If I were to list all the mishaps including bangs, bumps, holes, rips, and things that make you say “What the heck was that!”.. along with all the things that break on their own…I might have to ask myself the following question:
“What in the world has kept me in the rving (motorcoaching) world for the last ten years?”
That question is easy to answer.
It is the people we have met, the friends we have made, that keep me looking forward to hitting the road again even though I might hit something else or it might hit me.
We rvers, we motorcoachers, are a rare breed.
I don’t know how to explain it to people who don’t do what we do, how easy it is for us to make friends.
Some time ago I was at a Sonic Drive In next to a Lowes. At the edge of the Lowes parking lot was a 36 foot Motorcoach. It had its jacks down and its slide outs extended. Sitting in a lawn chair on the grass was a man named Bob and his black lab. Bob was taking it easy, smoking a cigar, and seemed to be without a care in the world.
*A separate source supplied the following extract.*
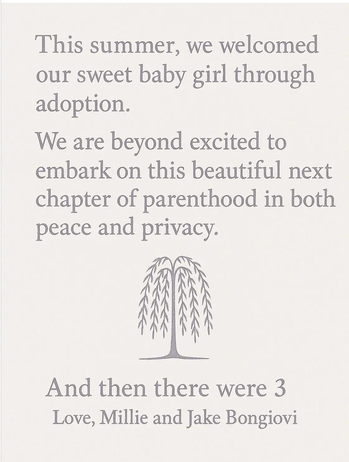 Сразу отметим: родила Милли Бобби Браун не сама и даже не воспользовалась услугами суррогатной матери. Актриса и ее супруг, Джейк Бонджови, усыновили девочку. Радостное событие случилось этим летом — точная дата не сообщается, как и имя малышки (хотя по фото из соцсетей с сообщением звездной семьи можно предположить, что девочку назвали Love. И для Милли, и для Джейка это первый ребенок — и они с большим волнением открывают для себя мир родительства.

I walked over and started talking to him. We he found out I am also a motorcoacher he wanted to talk to me. Bob was visiting his daughter, a Navy officer, who was soon to be deployed to the Middle East. He and his wife had traveled from Arizona to see her. I told him about myself, my family and my coach. We talked for over an hour and parted as friends. Something tells me I will see him again one day.
I think we have the old American pioneering spirit still living in us. We are descendants of the people who loaded up their covered wagons and headed west. They would rally up at some fort on the trail. They shared food, and drink, and stories.
These stories were about their journeys and the friends they made along the way. They would make new friends as they would travel together. If someone’s wagon broke down, or a horse died, they would pitch in and help their fellow traveler in need.
We do the same thing now. I have helped repair a stuck Workhorse chassis or two and other coaches. My wife and I have been to lots of rallies and fed lots of people. People have looked after us. Our coaching friends on the forums, at campouts, and especially at Deer Creek Motorcoach resort helped us though some tough times more than once.
I don’t think that Barry and Mario had any idea how good a community they would be giving birth to, when they conceived the idea of building a motor coach resort. Deer Creek is more than a resort with clubhouse, golf course, and a lot of handsome coaches parked on pretty lots. It is not just a resort…it is a refuge. It is a fort full of good people.
As our friends Gary and Janis reminded me just yesterday; we are far more than friends, we are family. I would not give up this life for anything. I will continue to hit the road and take the risk that something unexpected might happen. Most of the time that unexpected thing is good, like meeting someone like Bob and making a friend, possibly for life.
That is the best thing about being a member of the Motorcoach Family.
Hopefully I won’t have to buy a new mailbox anytime soon.